Having a new baby around isn't particularly conducive to reading thick novels or delving into lengthy essays. Baby Nico adds to my life in untold ways, but long lazy days of reading simply ain't one of them.
These days, I'm reading almost exclusively short works - stories, magazine articles, poems and essays - that can be digested in a single setting. I have a half-dozen such books stashed around the house in various places. I haven't finished a single one of the books on this list, but whenever a spare moment arises, I jump in fresh.
The 16 stories in Michael Faber's collection Vanilla Bright Like Eminem move at a rapid speed as they open small and invariably shocking windows into the lives of their misfit characters, something like a Scottish version of the stories of Flannery O'Connor. Faber's command of the form is as prodigious as his imagination. Stories transform on a dime from fantastic to terrifying, and yet most of the characters come across as ordinary people who are poorly equipped to deal with their harrowing circumstances. Some of the stories are quite successful - For example, “A Hole With Two Ends” is a tale of two business people who have a sudden extraordinarily violent encounter in the Scottish Highlands - and some are less so, but as a whole the collection is compelling and powerful.
I'm a fan of Luc Sante, the cultural critic, historian, and prose craftsman who wrote Low Life, the exceedingly brilliant history of underclass New York City.
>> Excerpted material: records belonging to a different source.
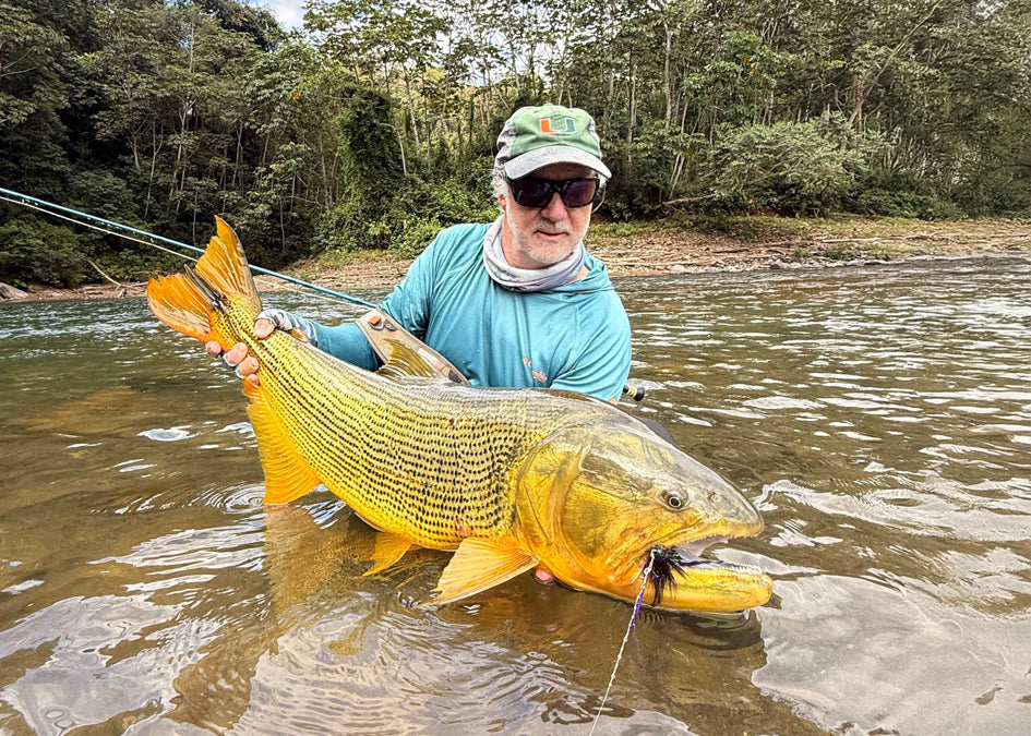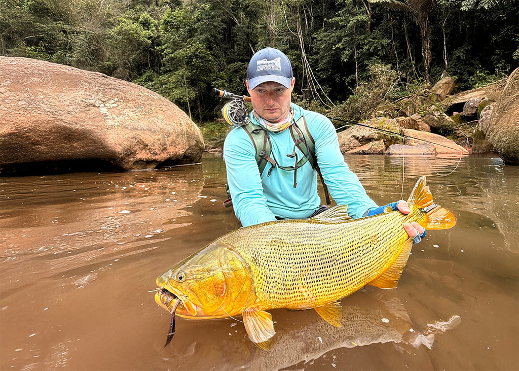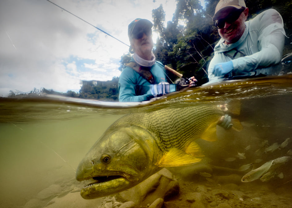 One of my favorite moments was photographing Dan land and release a 91 cm golden dorado. It was the largest dorado I had ever seen in person. Shortly thereafter, while still buzzing, I cast across a bunch of fast water and was stripping my fly through some slower flow structure. As my fly entered the seam, it was really moving, and behind it I saw a big golden face and shoulders chasing the fly. I could see its eye clearly, and it looked fiercely intent on getting my fly. I kept stripping, and after chasing it at high speed, straight downstream for 40 feet, it caught it! It fought really hard, and after we released it, a rain squall moved in and cooled us off after all the action.
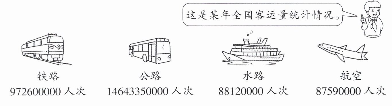 2. 把4种不同交通工具的客运量按从大到小的顺序排列。想一想,为了方便排列,我们该怎样做?先制订一个方案,再按方案做。
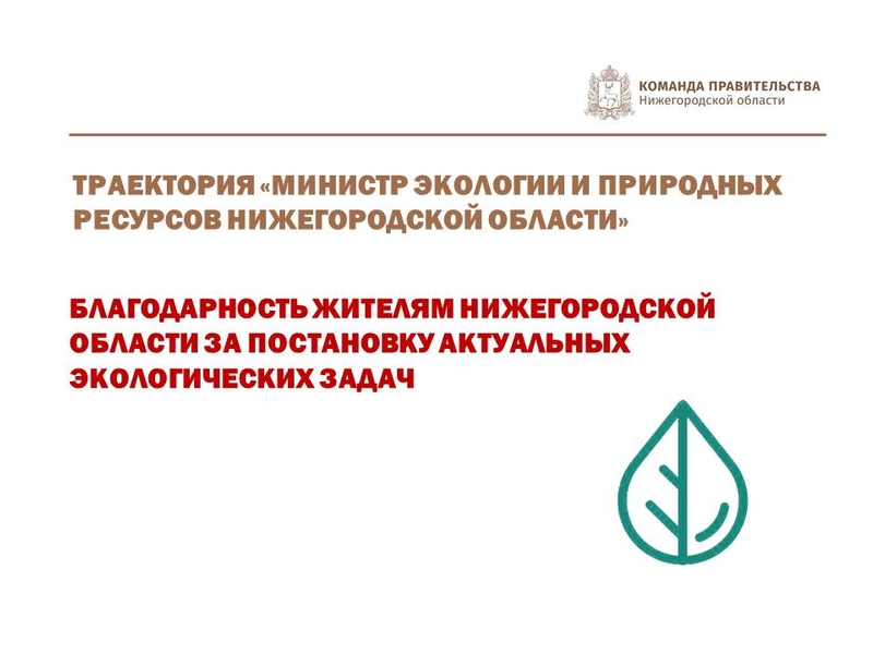 С 17 октября 2018 года на портале «Команда Правительства» стартовали отборочные и оценочные процедуры на пост министра экологии и природных ресурсов Нижегородской области. Параллельно с 7 ноября открылся этап сбора «Экологический задач». Каждый неравнодушный житель региона мог поставить будущему главе ведомства и всему министерству задачу в сфере экологии и природных ресурсов.
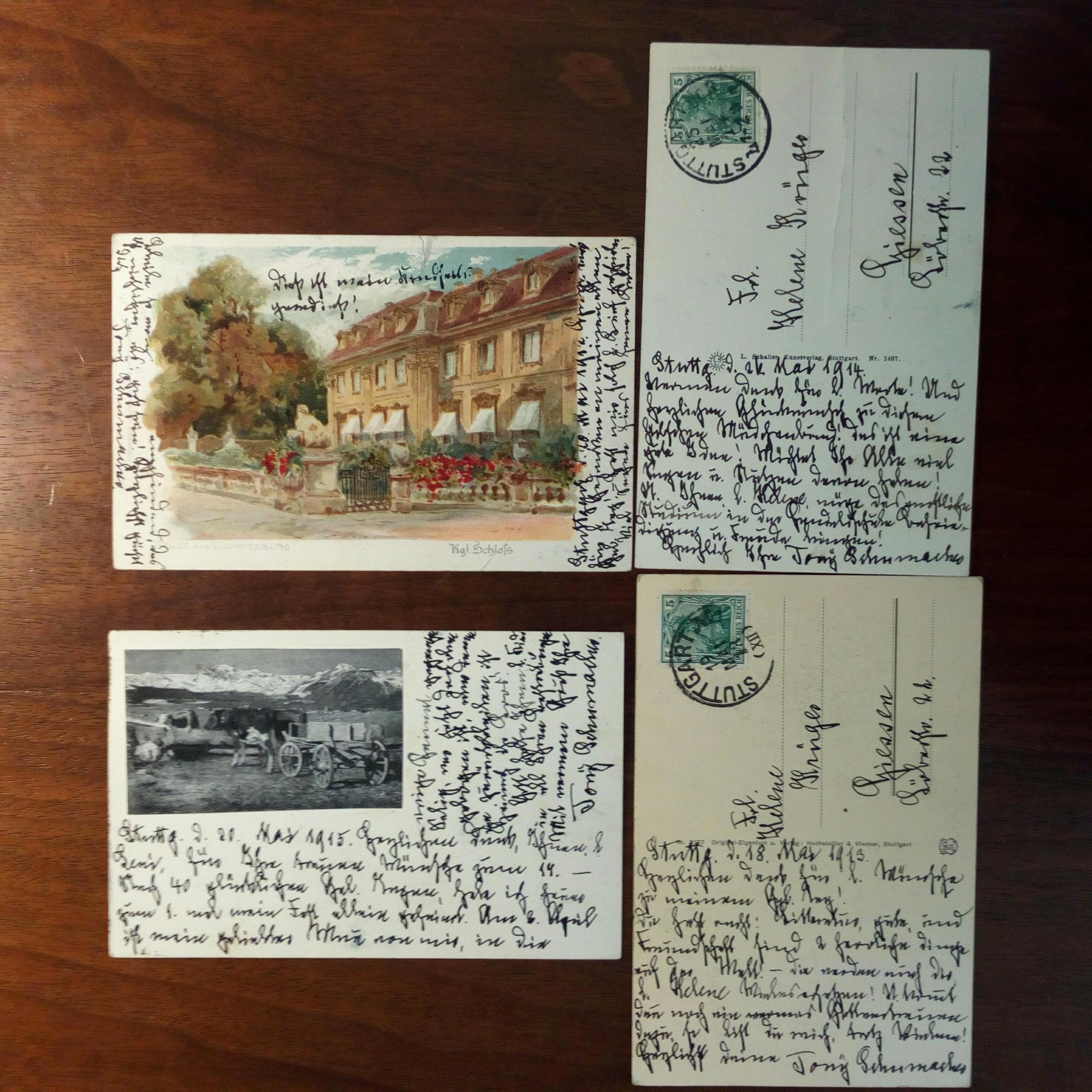 1848-1931, Kinder-Schriftstellerin - 4 e. postal. Ansichtskarten (2 vom Schloss in Stuttgart) mit U. Stuttgart 1912-15 und privates Foto (mit dem Gatten in ihrem "Königin-Luise-Zimmer") mit e. "Mein Glück und mein Heim" und U. Alle an Frl. Helene Krüger in Gießen: Dankt herzlich und persönl. für Geb.wünsche.
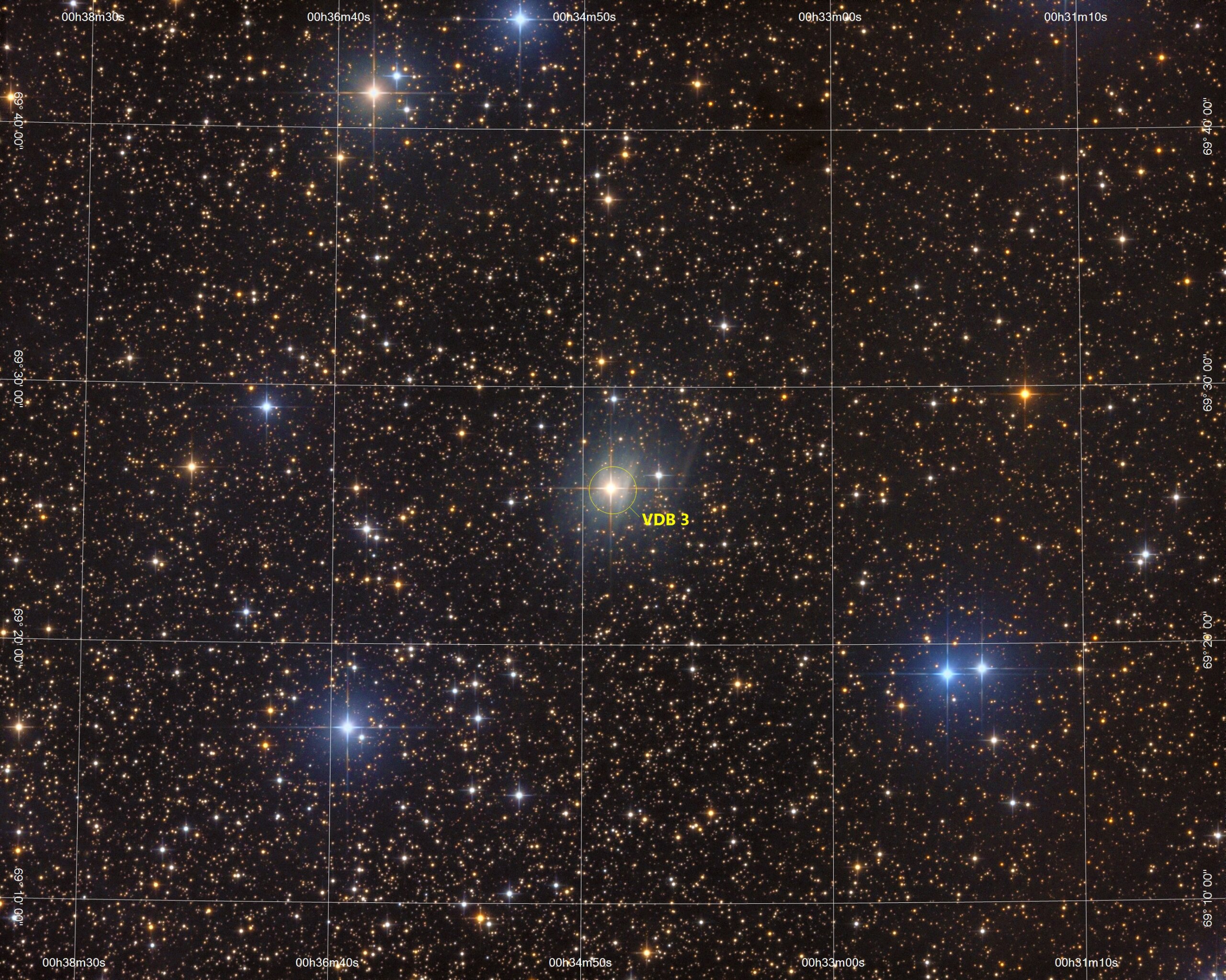 VDB 3 in Cassiopeia, ASAN10 Trius 694 L 650min, ASK8 Trius 694 RGB a‘ 188,min, Total 20.2h, Gahberg 20211106 - 1203
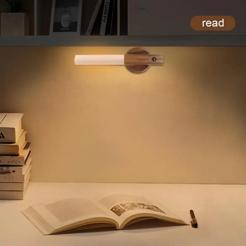 Деревянная Светодиодная лампа с умным датчиком, настенный светильни...
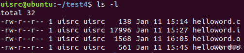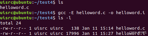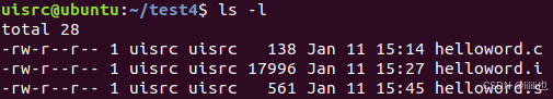 通过 ls 指令,我们看到文件大了许多,因为预处理将头文件也包含进来了:
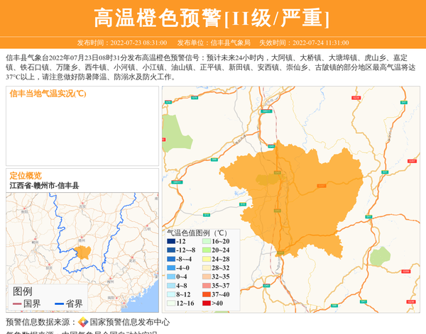 信丰县气象台2022年07月23日08时31分发布高温橙色预警信号:预计未来24小时内,大阿镇、大桥镇、大塘埠镇、虎山乡、嘉定镇、铁石口镇、万隆乡、西牛镇、小河镇、小江镇、油山镇、正平镇、新田镇、安西镇、崇仙乡、古陂镇的部分地区最高气温将达37°C以上,请注意做好防暑降温、防溺水及防火工作。 信息来源:国家预警信息发布中心; 发布单位:信丰县气象局。
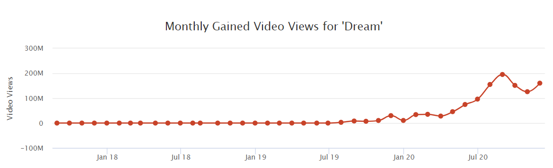 Dream의 유튜브 조회수를 보면, 2020년 6월 약 110회의 조회수를 기록한 반면, 한 달 후인 2020년 7월 약 300만 회의 조회수를 기록하면서 급속도로 성장하기 시작했습니다. 고작 두 달 후인 2020년 8월에는 월 조회수 2억을 달성하며 세계 최정상 유튜버 중 하나로 자리잡게 되었습니다.
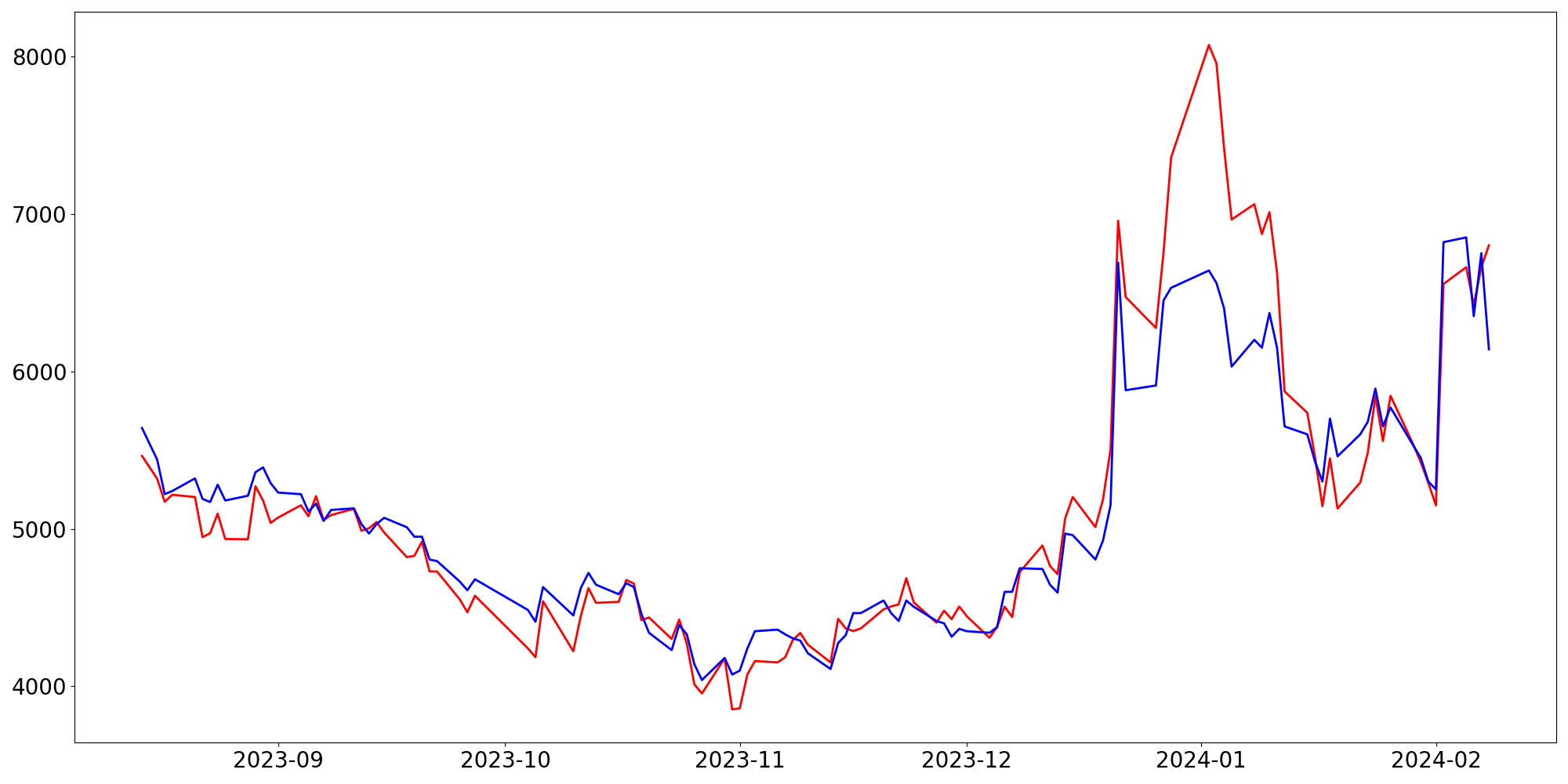 [ - : 실제값(종가) / - : 예측값(종가) ]

His book of essays, Kill All Your Darlings, published in 2007, covers a wide range of topics - everything from the etymology of the word "dope" to the birth of the blues to a character analysis of Bob Dylan - but he still comes most alive when writing about New York. The wonderfully rich essays include reflections on the Lower East Side in the 1970's, a first hand account of the 1988 Tompkins Square Park riots, and — ever a connoisseur of con men — a pair of meditations on two quintessentially New York monsters: John Gotti and Rudolph Giuliani.
Anyone interested in the current state of publishing owes it to themselves to read McSweeney's Quarterly Concern on a regular basis. Despite the regular sound bites about the "death of publishing," the good people at McSweeney's prove over and over again that there are still a million new and creative ways to publish new and creative writing. As a case in point, I'm currently making my way through issue number 31 in which the editors asked a number of excellent contemporary writers (including Douglas Coupland, Joy Williams, Shelley Jackson and Will Sheff) to create new stories in genres long thought dead (including the Biji, the Nivola, the Graustarkian Romance, and the Socratic Dialogue.) Some experiments are more successful than others, but the entire magazine is entertaining, provocative, and beautifully presented. As always.
Roberto Bolaño's collection Nazi Literature in the Americas takes a huge cue from Borges by inventing a sort of encyclopedia of fictional right wing authors. However, very much unlike Borges, Bolaño's writers live in the real world rather than in the rarefied library. They have adventures, get arrested, meet historical figures, develop insane theories of politics, entertain rabid delusions, and occasionally even meet with terrific success. This is simultaneously a darkly comic celebration of the wilder horizons of writing, and a savage look at a persistent thread in American culture.